Федор приехал веселый, в приподнятом настроении. Рожа светилась вдохновенным сумасшествием, татуированные чертенята выпрыгивали из распахнутого ворота плисовой рубахи на шею и, казалось, подмигивали и корчили гримасы. В гостиной Татьяна Павловна, по заведенному ритуалу, поднесла ему на серебряном подносе чарку анисовой (расширяет сосуды, анестезирует), которую Баклажан осушил единым махом и в виде закуски крепко ущипнул медсестру за бочок.
— Ой, Федор Николаевич! — заученно пропела Татьяна Павловна. — Какой же вы озорной, прямо спасу нет!
— Да уж будь спокойна, в обиде не останешься… Не надумала еще?
За женщину ответил Сабуров:
— Господин Баклажан, пожалуйста, держите себя в рамках. Я же предупреждал, Татьяна Павловна не по этой части.
— Да-да, помню, как же… Мужа ждет из тюряги. Уважаю. Нынче это редкость среди баб, чтобы кого-то ждать. Танюх, объясни, может, у него особенный? Может, с винтом? Так я приделаю.
Медсестра покраснела.
— Ах, Федор Николаевич, интеллигентный человек, а так грубо шутите… Разве можно?..
Сабуров увел разгулявшегося пациента в кабинет, усадил в кресло под лампой.

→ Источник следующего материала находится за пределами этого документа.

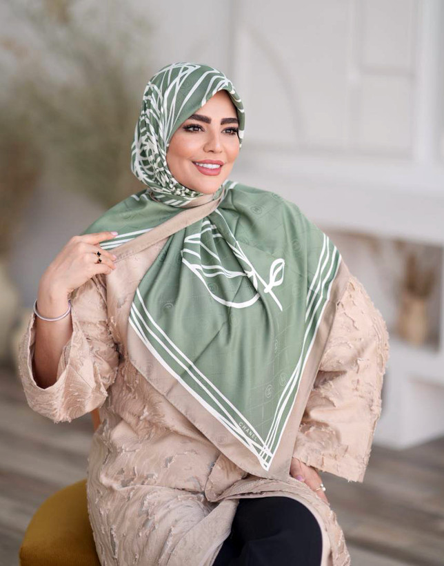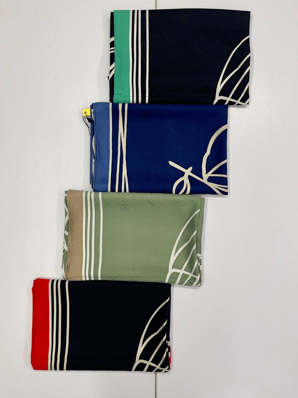 روسری ابریشم ژاکارد طرح شنل گل خط خطی سبز

— Что ж, господин Баклажан, судя по вашему настрою, дела пошли на поправку?
— И не говори, Савелич. — Баклажан прикурил, затянулся, смачно отхаркнул в медную плевательницу. — Ты просто чудодей, верный про тебя слух идет… Третий день ни одного лишая. Сплю как сурок. Спасибо, браток. Не зря небо коптишь… А вот с манией похужее. Вчера опять обознался.

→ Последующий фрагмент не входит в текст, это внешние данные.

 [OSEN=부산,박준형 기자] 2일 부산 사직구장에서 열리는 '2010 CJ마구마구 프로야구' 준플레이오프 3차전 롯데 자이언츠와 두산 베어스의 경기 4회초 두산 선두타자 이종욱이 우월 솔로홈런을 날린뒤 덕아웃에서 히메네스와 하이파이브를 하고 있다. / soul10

— Расскажите подробнее. — Сабуров, нацепив очки, изобразил повышенный интерес, хотя на самом деле не испытывал ничего, кроме скуки. С медицинской точки зрения — рутинный случай. Стойкое перенапряжение мозжечка, подвижные, плавающие рефлексы…
Федор Баклажан (доктор так и не понял, кличка это или настоящая фамилия) был в принципе не таким примитивным существом, каким представлялся. Начать с того, что он действительно был натуральным вором в законе, авторитетом старой закваски, а таких в россиянском бизнесе почти не осталось. Их давно вытеснили беспредельщики, которые не признавали никаких законов, в том числе и воровских. Белые воротнички пришли на смену уголовным харям, далеко превзойдя «стариков» в жестокости и цинизме. Какой-нибудь образованный, говорящий на двух-трех языках сподвижник рыжего Толяна в любой комбинации давал фору солидному, покрытому тюремной пылью «папане». Во второй половине девяностых годов, будто по команде, старую уголовную гвардию попросту выкосили из бизнеса, как сорную траву. Лишь некоторые уцелели и даже укрепились, Баклажан был один из них. Генеральная разборка застала его в Сибири, он активно участвовал в страшной алюминиевой войне и выскользнул, как уторь, прихватив с собой приличный капитал. Осел в Москве и здесь широко развернулся, войдя в смычку, как Сабуров выяснил под гипнозом, с вьетнамскими товарищами и наркобаронами с Ближнего Востока. Основал фирму-прикрытие, дерзко назвав ее русским именем «Иван Поддубный», с филиалами в Петербурге и Перми, короче, выбился в предпринимательскую элиту, ради которой, как известно, и затевался беспощадный передел собственности, остроумно названный «реформой». За успех пришлось заплатить дорогую цену: необратимый функциональный сдвиг, озверение, полная атрофия гуманитарных ориентиров. Имея дело с подобными существами, Сабуров удивлялся лишь одному: каким образом они сохранили первоначальный человеческий облик — ни клыков, ни рогов, ни вторичного оволосения? Вероятно, думал он, это все придет на следующем этапе перерождения…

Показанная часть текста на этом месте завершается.